You cannot, generally, file a claim against an Emergency Room physician for failure to diagnose. It is not the ER doctor’s responsibility to diagnose you; an emergency medical provider’s duty is only to treat emergency conditions. You may leave with instructions to visit your general practitioner or another doctor, who will have the responsibility to diagnose.
If you suspect that someone you love died because of medical malpractice, you need to arrange for an autopsy immediately. If you intend to file a claim, it will be your responsibility to prove the cause of death, and to prove that this resulted from a medical provider’s negligence.
If you do have a claim, you will have to create an estate for the decedent. Often the estate lawyer will wait for the conclusion of the malpractice suit to collect his or her fees.
However, if the decedent has not left behind a spouse or a child under the age of 25, there are no recoverable damages.
>> What should I look for when picking an attorney?
Experience matters most.
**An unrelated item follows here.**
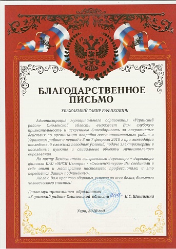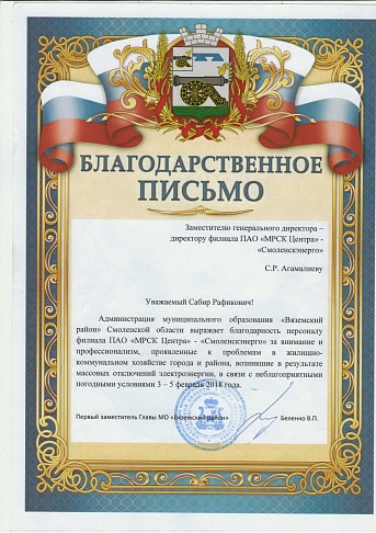 Администрации муниципальных образований Вяземского, Гагаринского и Угранского района Смоленской области поблагодарили заместителя генерального директора – директора филиала ПАО «МРСК Центра» - «Смоленскэнерго» Сабира Агамалиева и весь коллектив за профессионализм и безупречную работу в период ликвидации последствий снегопада.

You aren’t just looking for an attorney with plenty of court time and peer recommendations, either, though these things are important. Generally, an attorney with some medical background will be more successful in Florida medical malpractice cases. All this information is available online, but you shouldn’t stop there. Remember that you may spend years working with this person. You should meet face-to-face before deciding. You need someone you can trust, someone you’re comfortable talking to, someone who won’t bully you into a course of action you don’t want to take, and, ideally, someone you like.
>> How do I know if my attorney is doing a good job?
When you contract with an attorney, that attorney will give you a “statement of client’s rights” outlining what you should expect. Make sure you understand this, and that your attorney lives up to the letter. You should also stay informed at every step of the process, and take an active role in decision making, especially regarding settlements.
>> What are the consequences of a malpractice case for medical professional?
In Florida, a healthcare provider can lose his or her license to practice after “three strikes.” What constitutes a strike, though, is not always certain. When you file a complaint, that complaint goes to the Florida Board of Medicine, which will generally not sanction an individual for an alleged medical error, but rather for documenting errors or serious, proven cases of malpractice. However, if a physician has multiple outstanding complaints, your case may directly result in the loss of a license.
>> Can I get an apology from my healthcare provider?
Aside from some peace of mind and a sense of closure, the only thing a civil trial can give you is a monetary reward. A jury cannot force an apology from anyone.
>> Do I have a claim if I suffered Florida medical malpractice but have recovered?
In this case, you would likely spend more to get expert witnesses than you would receive in compensation. You will have wasted your time. Still, if you feel strongly that you have a claim despite an improvement in your health, seek a consultation with an experienced attorney.
>> How can I help avoid or combat medical negligence and malpractice?
The steps you can take to preventing medical malpractice are, for the most part, the same steps you should be taking to help your healthcare providers treat you. Be an advocate for yourself (or for your loved one). Do research. Ask questions. Tell your healthcare providers everything. And keep documentation.